Document normalize command

2026-05-09 12:35:48 +00:00
parent 5b008e272c
commit 3591041fa8
2 changed files with 93 additions and 4 deletions
--- a/architecture.md
+++ b/architecture.md
@@ -3,7 +3,8 @@
 `seriatim` is a deterministic transcript utility for:

 - merging multiple per-speaker transcript inputs into a single chronologically ordered diarized transcript, and
- projecting existing seriatim transcript artifacts through deterministic segment-ID trimming.
+- projecting existing seriatim transcript artifacts through deterministic segment-ID trimming, and
+- canonicalizing external transcript-style JSON inputs into standard seriatim output schemas.

 The initial use case is merging independently transcribed speaker audio tracks from the same recorded session, such as a weekly tabletop RPG session. The architecture should also support meetings, podcasts, interviews, and other multi-speaker events.

@@ -60,7 +61,7 @@ configuration check

 Each stage has an explicit data contract. Input and output stages perform I/O. Processing stages should be deterministic transformations over in-memory models and should record report events for validation findings, corrections, and transformations.

-`merge` runs this pipeline. `trim` is intentionally separate from this pipeline and operates at the artifact layer.
+`merge` runs this pipeline. `trim` and `normalize` are intentionally separate from this pipeline and operate at the artifact layer.

 ## Stage Contracts

@@ -214,6 +215,24 @@ Design constraints:

 `trim` must not rerun merge postprocessors such as `resolve-overlaps`, `coalesce`, or `autocorrect`.
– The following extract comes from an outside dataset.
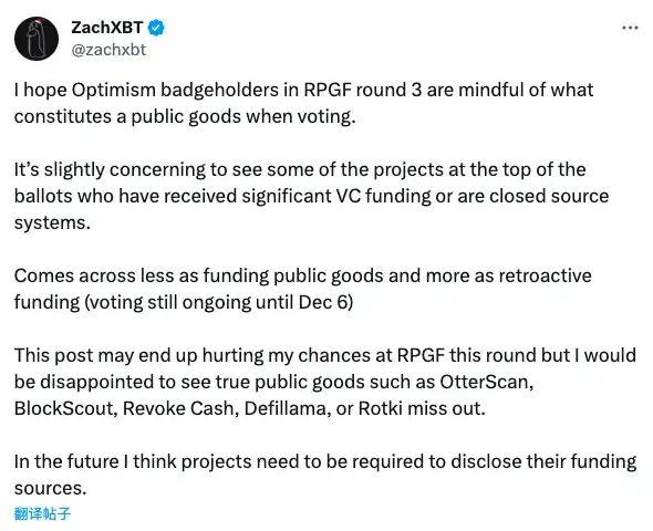 ZachXBT 表示,当前 RetroPGF 治理投票中排名靠前的许多项目并不是真正的公益性质项目,其中部分项目要不是曾拿到过 VC 的大额融资,要不就是仍未开源,这或将导致 OtterScan、BlockScout、Revoke Cash、Defillama、Rotki 等真正的公益性质项目拿不到本该获得的资助。

+### 8. Artifact Canonicalization Stage (`normalize` command)
+
+`normalize` is an artifact-level command that reads transcript-like JSON and emits a standard seriatim output artifact in a selected schema.
+
+Design constraints:
+
+- `normalize` runs outside the merge pipeline and does not invoke merge preprocessing or postprocessing modules.
+- `normalize` accepts two input shapes: object-with-`segments` and bare segment arrays.
+- `normalize` validates required segment fields (`start`, `end`, `speaker`, `text`) and timing/speaker constraints.
+- `normalize` sorts segments deterministically by chronological keys and stable input-index tie-breakers.
+- `normalize` assigns fresh sequential output IDs (`1..N`) after sorting.
+- `normalize` validates final output against the selected schema before writing.
+- `normalize` writes optional deterministic report diagnostics when `--report-file` is requested.
+
+`normalize` is intended for canonicalizing external transcript outputs (including Audita-style bare arrays) into seriatim contracts, not for running merge-time language or overlap transformations.
+
+`normalize` must not run merge postprocessors such as overlap detection, overlap resolution, coalescing, or autocorrect.
+
 ## Module Classification

 Modules should be classified by their contract and allowed effects.
@@ -442,6 +461,13 @@ Trim-specific determinism requirements:
 - Old-to-new ID mapping in trim reports is emitted in deterministic order.
 - Full-schema overlap recomputation is deterministic for the same input artifact and selector.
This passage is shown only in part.